Views on improving the integrity of global capital markets
13 August 2015

Toshiba Scandal: Should Outgoing CFO Have Chaired the Audit Committee?

Conflict of Interest – a conflict between the private interests and the official responsibilities of a person in a position of trust. Merriam-Webster

The Toshiba accounting scandal, which I blogged about recently, raises important questions about the company’s corporate governance practices from 2008 through the third quarter of 2014, the time period in question.

An article in Reuters describing how a $100 million loss was not corrected by Toshiba sets the stage for examining one of these corporate governance practices, preventing conflicts of interest. In addition to providing fascinating details behind this “uncorrected misstatement,” the article reveals that Makoto Kubo was Toshiba’s chief financial officer (CFO) from June 2011 through June 2014 (a fact confirmed in Toshiba’s Investigation Report on page 48). He then became chairman of Toshiba’s audit committee that same month, presumably immediately after he left as CFO.

Corporate Governance Best Practices Not

Why was Kubo made chair of Toshiba’s audit committee immediately following his tenure as CFO (part of the period during which $1.2 billion in accounting misstatements occurred)? Was there no minimal cooling-off period? It is the audit committee’s responsibility to ensure that the financial information reported by the company to shareowners is complete, accurate, reliable, relevant, and timely. As chair of the audit committee, Kubo played a key role in his oversight responsibilities with Toshiba management and the auditor, Ernst & Young ShinNihon. A point to consider here is that decisions he made as CFO affected multiple reporting periods and would therefore eventually come under his purview as chair of the audit committee. This seems to be the very definition of a conflict of interest.

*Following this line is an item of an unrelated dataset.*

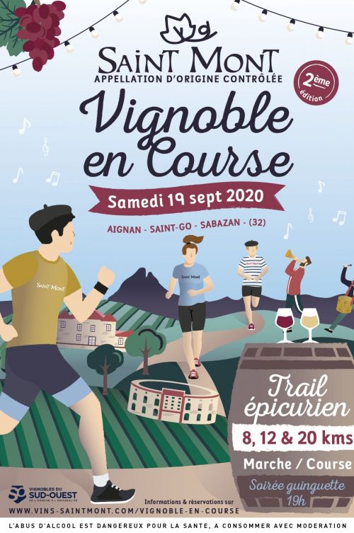 Rendez-vous au village d’Aignan pour le grand départ de Vignoble en Course. Découvrez un trail épicurien, qui se veut familial et avant tout adapté au rythme de chacun. 4 formats de courses 21, 12, 8 ou 2 km : pour les sportifs, les épicuriens, les marcheurs et les enfants… A toutes les étapes, des dégustations, des animations, de la musique… Les cuvées de l’AOC Saint Mont et les produits du terroir vont enchanter les papilles.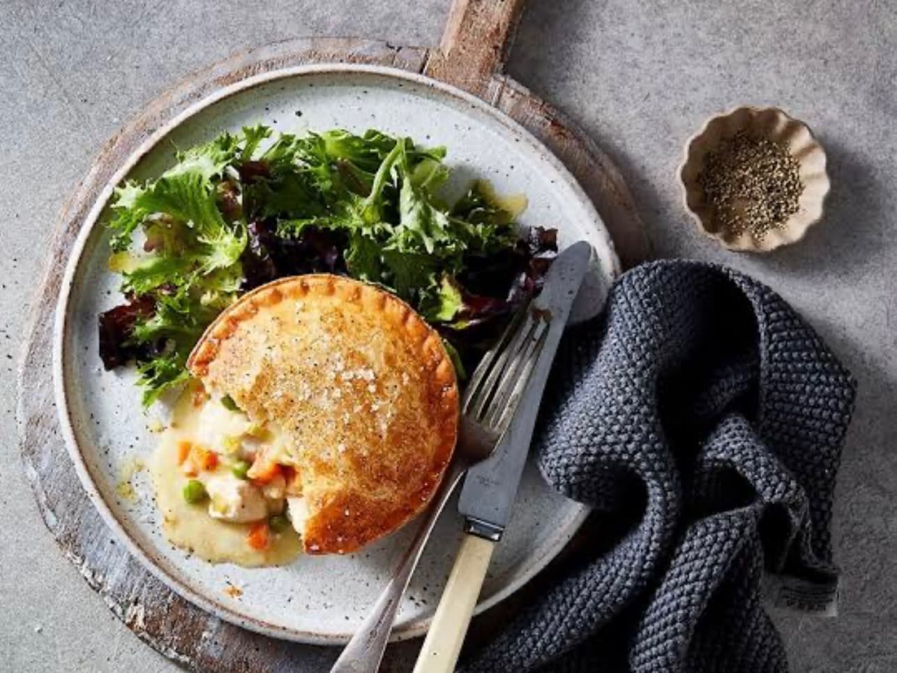 Our New Country Chicken & Veggie Pie is the perfect size for lunch or dinner. Serve it with some of creamy mash potato and seasonal vegetables for a complete meal.

This revelation provides an excellent opportunity for investors to revisit best practices for independent audit committees. A CFA Institute publication, The Corporate Governance of Listed Companies: A Manual for Investors, provides factors investors should require from audit committees (see page 14). Not the least of which is that all members of the committee should be independent. As noted in the manual, if the independence of the audit committee is compromised, there could be doubts about the integrity of the financial reporting process and about the credibility of the company’s financial statements.

Given the size and nature of Toshiba’s reported financial irregularity, investors have every reason to doubt the integrity of its corporate governance practices. Investors should take this opportunity to identify key corporate governance practices at companies they invest in, including the responsibilities of the audit committee.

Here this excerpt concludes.